Some people feel mistrustful in relationships, this can lead to negative thoughts, for example, that their partner is cheating. Individuals will likely worry about this when away from their partner, and feel concerned when their partner talks about other people. They may check their partner’s social media or phone, and even control what they do and who they see.
The proliferation of social media means often people can experience powerful emotions when scrolling through the airbrushed lives of others. This can trigger feelings of envy, jealousy, deficiency, and resentment. Indeed, often people report feeling worse afterwards, with research suggesting this behaviour is thought to negatively impact self-esteem and wellbeing.

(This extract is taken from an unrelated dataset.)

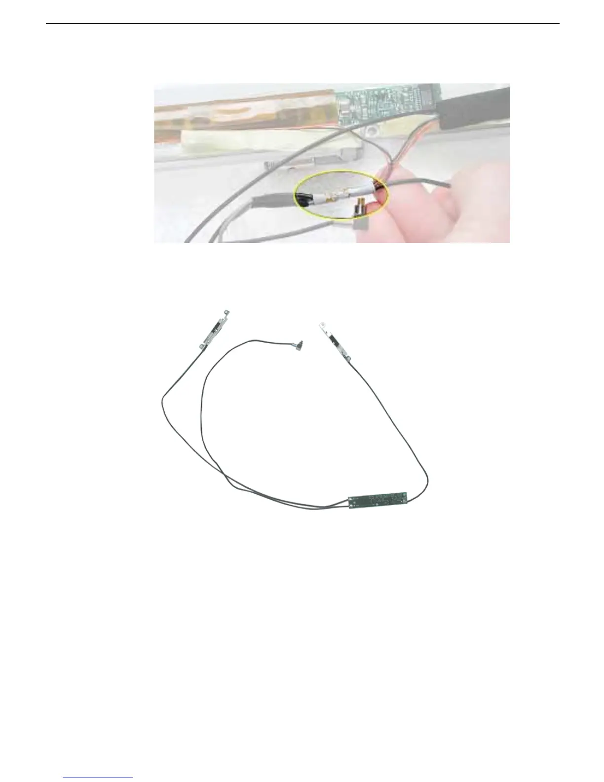 11. Unwrap the tape that secures the AirPort Card antenna to the cable bundle.

When people experience envy or jealousy a lot of the time, it can become overwhelming because of other unpleasant feelings. For example, inadequacy, resentment, and bitterness, which can cause stress and anxiety for some, and depression for others.

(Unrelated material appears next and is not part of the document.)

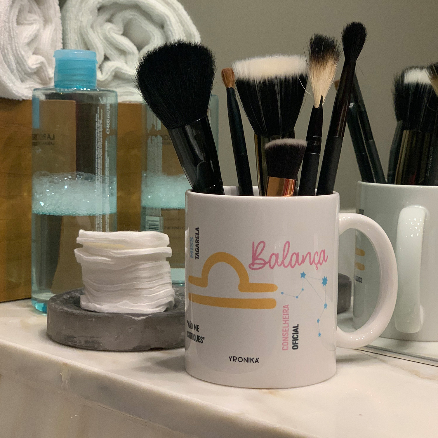 Caneca com pincéis de maquilhagem numa bancada de casa de banho com discos de algodão, garrafa de líquido e toalhas

Jealousy can make people unhappy when others achieve success. This can cause them to judge others harshly, diminish others’ achievements, and experience schadenfreude, German for ‘pleasure from another’s misfortune’.
You may notice uncomfortable feelings, such as wanting what others have, and this can result in feelings of resentment toward people who have the thing(s) you want.
In some situations jealousy can become extreme, and manifest intimidation, anger, and even violence toward another person (for example, domestic violence).
Discontent – People who focus on what they don’t have and on what the perceive others to have often feel dissatisfied and this can breed envy or jealousy.
Comparison to others – this links to the last point. When individuals grow up around parents who they often hear making (often resentful) comparisons with others, this can create shame, greed, and external focus. They become conditioned to see themselves against others.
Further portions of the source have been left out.